Tuesday, 21 March 2023

Finance Bill 2023: Second Stage

 

6:55 pm

Photo of Mattie McGrathMattie McGrath (Tipperary, Independent) | Oireachtas source

I too am delighted to speak to the Minister of State. No disrespect to an tAire Stáit but cá bhfuil an tAire, an Teachta Michael McGrath? Tá sé as láthair.

I welcome the extension of the current reliefs for agriculture. I also welcome the continuation of the 9% VAT rate but the Government has to be more selective in future. The people who engaged in price gouging, or docked people money and intend to rip them off again, who are mostly confined to the cities, should be dealt with. We cannot have one-size-fits-all.
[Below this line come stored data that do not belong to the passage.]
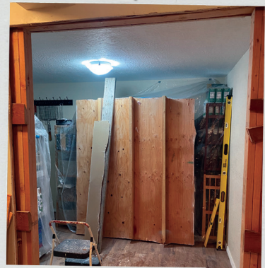
The wall cut out and framed to code.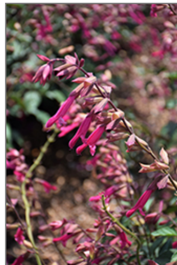
Wendy's Wish Sage flowers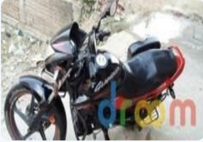
Hero Glamour 125cc 2015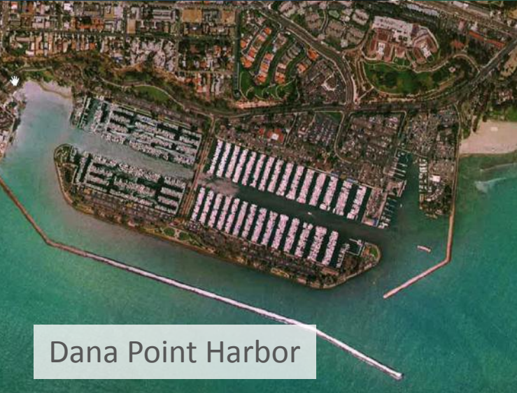
Dana Point Harbor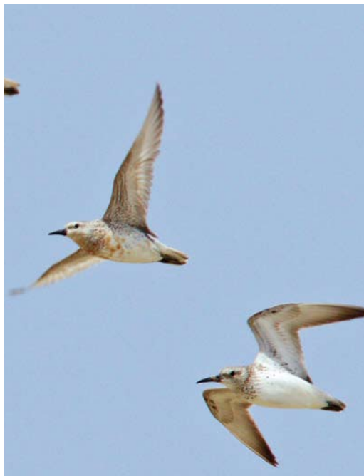
311 Presumed Eastern Common Tern / vermoedelijke Oostelijke Visdief Sterna hirundo longipennis, with Common Tern / Visdief S. h. hirundo, Heist, West-Vlaanderen, Belgium, 22 June 2011 312 Red Knot / Kanoet / Calidris canutus, with Great Knot / Grote Kanoet C. tenuirostris, Bandar Abbas, Hormozgan, Iran, 18 May 2011 313 Brown Noddy / Noddy Anous stolidus, Persian Gulf, Iran, 7 June 2011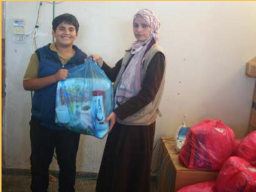
Family Hygiene Kits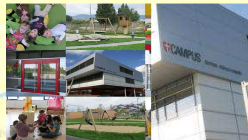
PPP – Campus Model, Austria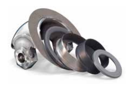
Trim Interchangeability Across the Vee-Ball line, size-for-size, trim components remain the same regardless of body style. This reduces parts inventory requirements and costs. It also simplifies maintenance training and procedures.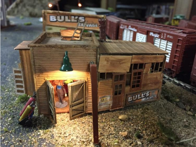
Bull's salvage, a Bar Mills kit.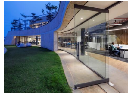
Fig. 2. Image explains workspace connect with greenery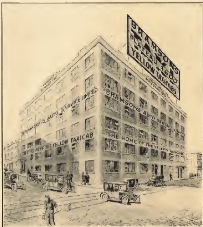
BRAMSONS AUTO SERVICE Limited MANCE AND ONTARIO STS. MONTREAL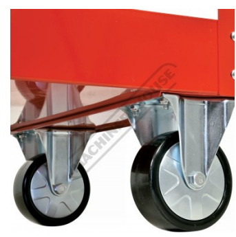
2 x Fixed Wheels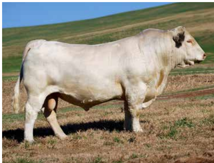
VPI FREE LUNCH 708T SIRE OF LOT 65

Bred A-I on 1/25/24 to Renn Cowboy Romeo; PE from 1/31/24 to Tri-N Bob Dylan 201K (calf may have to be DNA tested). A full sister to 3834, produced the Lot 283 in Fink's fall sale going to Arlitt, Allen, Bella Angel, & Evans. (see lots 23 & 33) Super numbers, ranks in top 8% CE, 4% WW, 3% YW, 8% CW, 6% REA, 1% Marb, and 1% TSI. She has produced 46 calves and has the credentials to star in your ET program.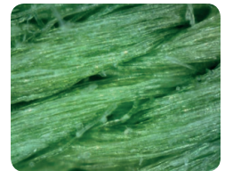
~500X - Cotton Tissue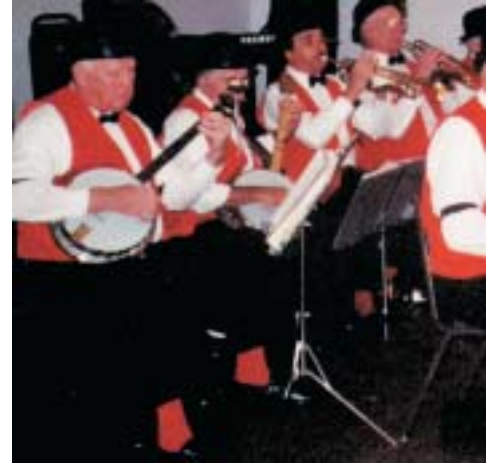
The Pittsburgh Banjo Club entertained the 200 guests.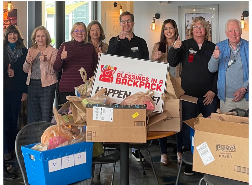
Club members gather around their donations for last year's Blessings in a Backpack

Once again our amazing Rotary Club is coming to the aid of kids in our community through “Blessings in A Backpack”. “Blessings in a Backpack” provides food for school aged children on the weekends and during holiday breaks in our community that experience food insecurity. Over 9 million children in the US experience food insecurity, that’s one in every 8 American children.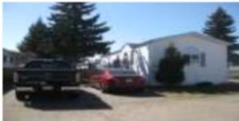
Just Sold 707 Evergreen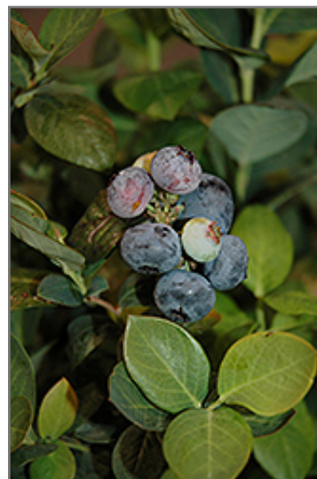
Peach Sorbet Blueberry fruit

Peach Sorbet Blueberry features dainty clusters of white bell-shaped flowers hanging below the branches in mid spring. It has green evergreen foliage. The glossy oval leaves turn an outstanding deep purple in the fall, which persists throughout the winter. It features an abundance of magnificent blue berries from early to mid summer.

What the Government did regarding BIK is another disgrace. I raised this at the Joint Committee on Finance with then Minister for Finance, Deputy Donohoe, and he treated me with total disdain. All I wanted was a review of BIK. Many people are out there, especially in businesses, who the Government expects to force to buy fleets of company cars. Businesses are on their knees. They are below their knees, in case the Government did not know. How can they be forced to buy a fleet of electric cars just to suit the Government's fantasy projects? In many parts of the country, business employees would be stuck on the road for hours because there is no place to charge these cars. The infrastructure is not there. I do not know when the Government will realise that.

Why is there inertia regarding the windfall tax on the big companies? When the Finance Bill came in and the budget was announced, the usual suspects were up at midnight that night. The Minister is now talking about September or, hopefully, the end of summer for when the windfall tax will be introduced but it will only be €400 million to €700 million. Gouging and kiboshing by big companies has gone on and they have the Government in their pockets but it will not tackle them. This is happening across the economy. I do not know why the Government will not deal with that. It is inertia and inability to do so.

On the banks we bailed out, it was not "we". I voted for the bail-out, which was the biggest mistake I ever made. The bail-out was not a mistake because I called it a clean-out but I voted to protect the banks on that fatal night, bigger fool that I was. The gouging and blaggarding that our main banks and the vulture funds are now giving our citizens is nothing short of a disgrace. The then Minister for Finance, Michael Noonan, did not want to know about it at the time and successive Ministers also did not want to know about it. It is sickening, despicable and outrageous behaviour that these funds can buy people's loans and sell them off. Businesses I am dealing with now do not even have bank managers any more. These are faceless entities. I am not talking about the hard-working staff who work in banks - I cannot say "tellers" because they are not there any more - the work done by ordinary people. The obscene salary increases were the last desperate act their friend, then Minister for Finance, Deputy Donohoe, did before he left office in order to give them back their bonuses. They needed the €1.5 million. My God, what kind of Ireland have we?

We are then facing the eviction motion and the shenanigans and games going on here. It is really political posturing. The sooner the Government gets up, packs up its bags and goes off with its bedfellows, the better.

Go into the hills somewhere, call an election and let the people who want to govern and represent the people who have elected them to this House to do so, rather than looking after the real estate investment trusts, REITs, banks, big conglomerates and vulture funds. That is wrong; it is rotten.